The Service Modes pattern can also be used to specify service brokering components and their requirements or capabilities. The LTSA WS-Engineer + Modes tool provides transformations from service mode models to service brokering requirements and capability specifications. The transformations generate documents which are deployed on to a runtime broker. Thus, at runtime the requirements documents are used by service clients to create a new brokering session and trigger discovery of required services. Capabilities may also be registered with the service broker, which offers provided services and adds service capability to discoverable services.
Up to very recently, Web services messaging standards used to capture a different subset of non-functional parameters making even closely related standards incompatible with each other. Also the service developer had to specify service configurations at a very low technical level.
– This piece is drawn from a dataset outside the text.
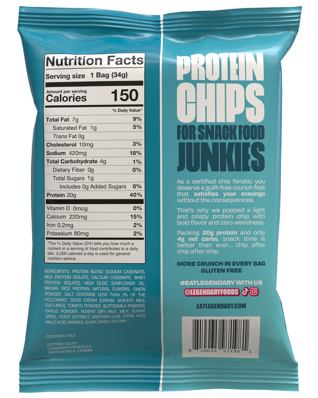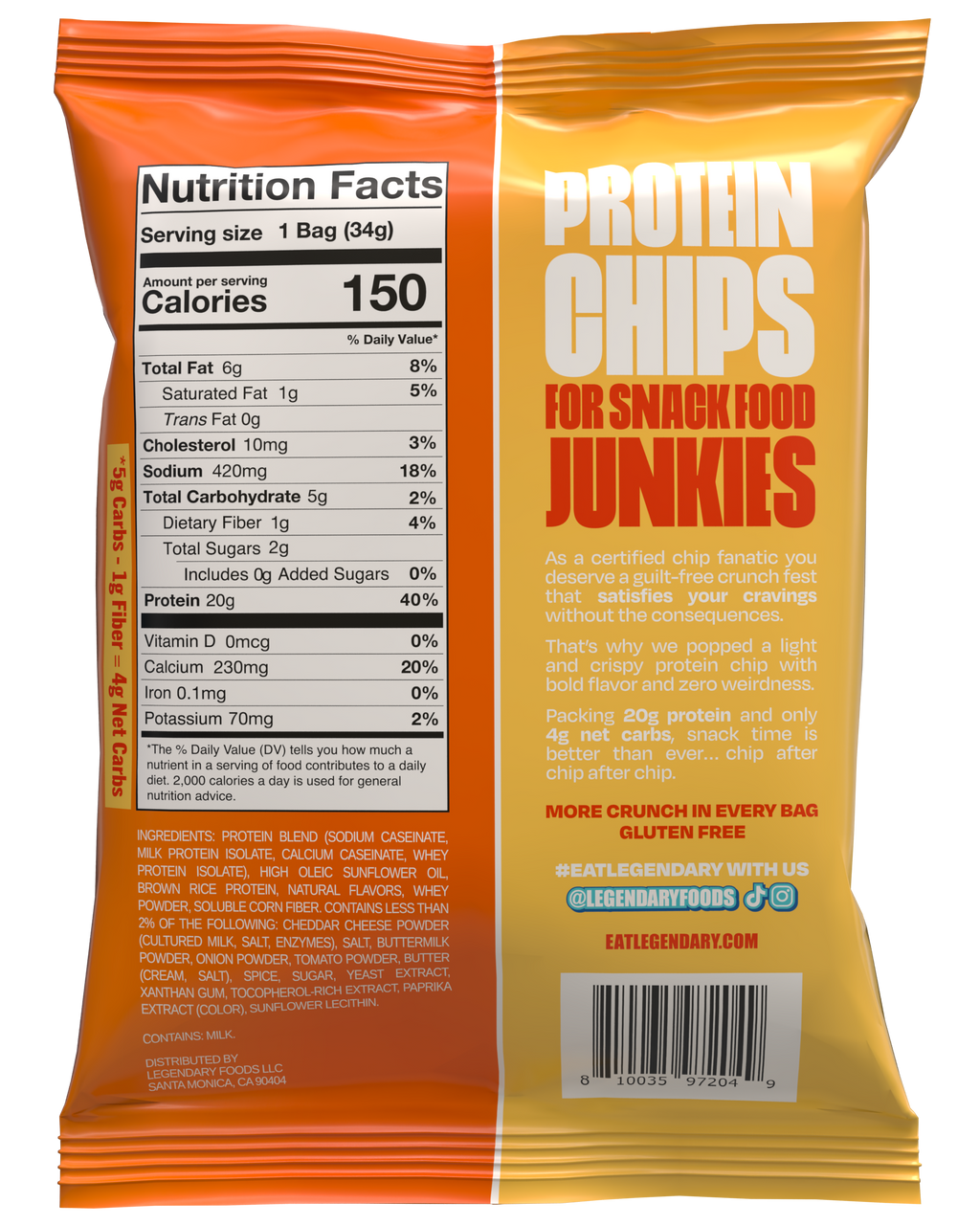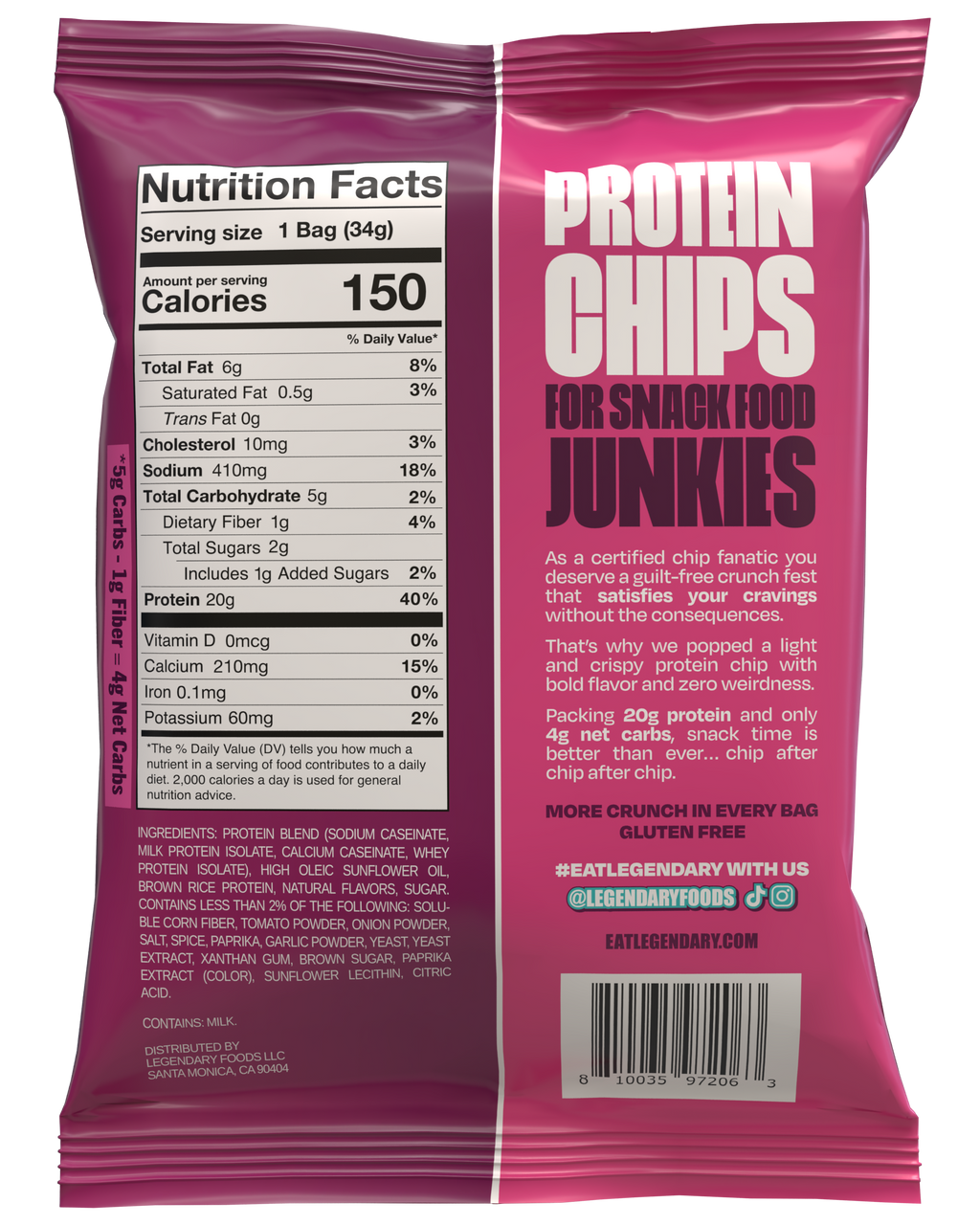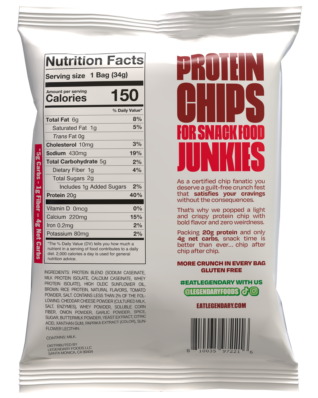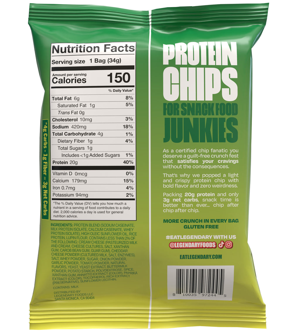As a snack fan and protein lover, Popped Protein Chips from Legendary Foods are the perfect companion for your next meal. With 20g of protein per bag, it's so easy to stay on track with a tasty crunchy snack that satisfies your hunger. Made with only 4g net carbs and just 2g sugar or less per bag, this fantastic snack is equally satisfying when you need something light or full of protein. Legendary Foods' new chip line will satisfy all snacking needs - including after dinner cravings!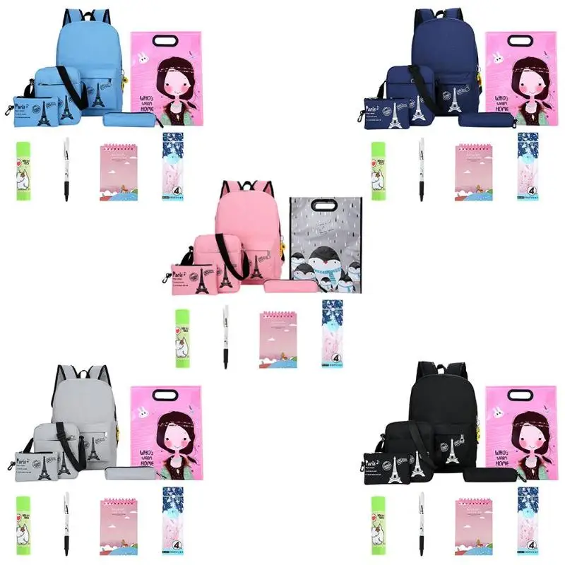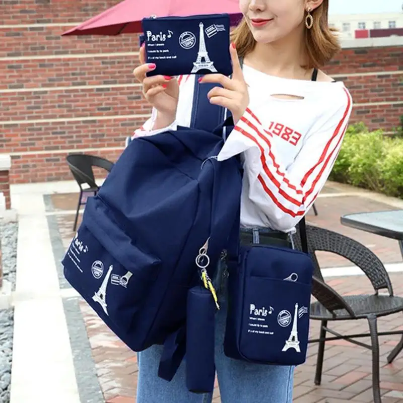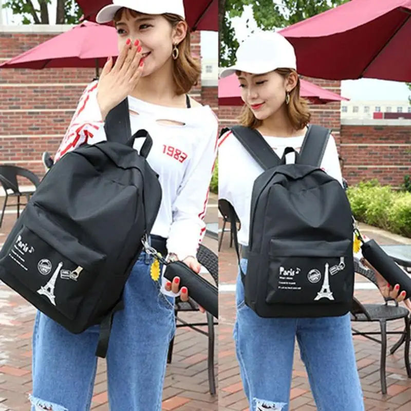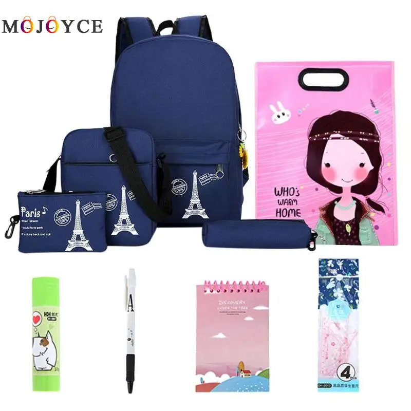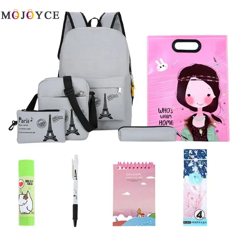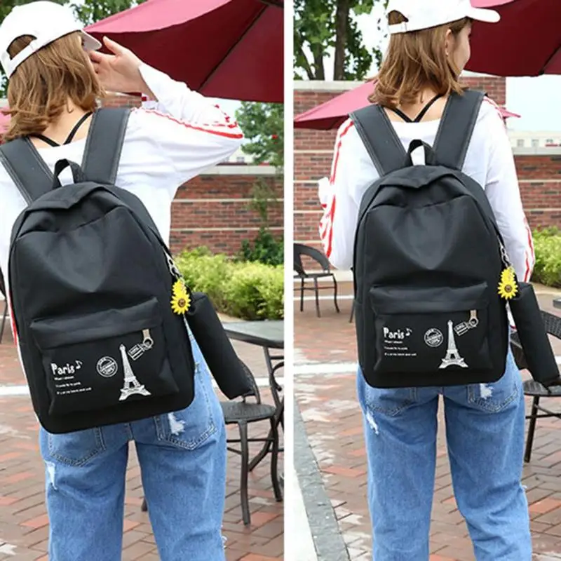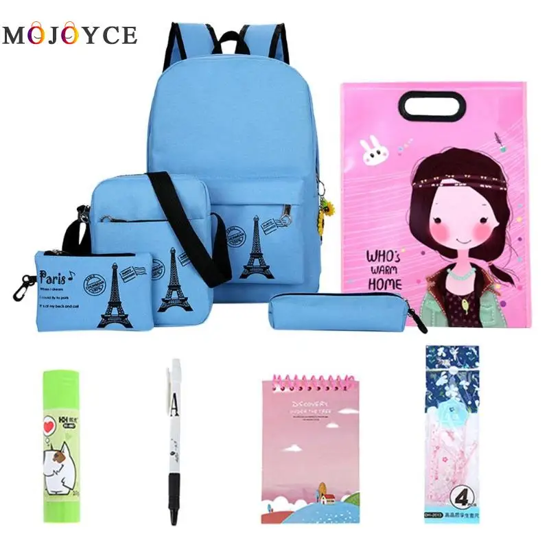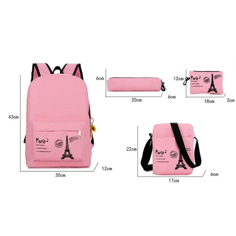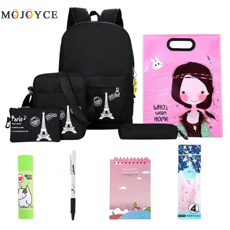 10pcs/Set Casual Women Canvas Iron Tower Printed Backpacks Teen Girls School Composite Shoulder Bags

To tackle these problems, we propose a model-driven approach to efficiently design and deploy standards-compliant service configurations with non-functional parameters.
From such engineering models, we automatically generate service descriptors (WSDL) and configuration descriptors for standard platforms like Apache Axis, including the definition of non-functional requirements, and server-side deployment artifacts. Our method is based on customizable model transformations which allow the developer to describe non-functional requirements in UML4SOA and generate different analysis and deployment code, also allowing an early estimation of the performability of a given middleware configuration.
BliteC is a software tool for supporting a rapid and easy development of WS-BPEL applications. BliteC translates service orchestrations written in Blite, a formal language inspired to but simpler than WS-BPEL, into executable WS-BPEL programs. The tool simplifies the task of developing WS-BPEL applications because Blite provides a textual programming notation and is equipped with an unambiguous semantics, while BliteC properly packages the produced files to be readily deployed and executed in a WS-BPEL engine.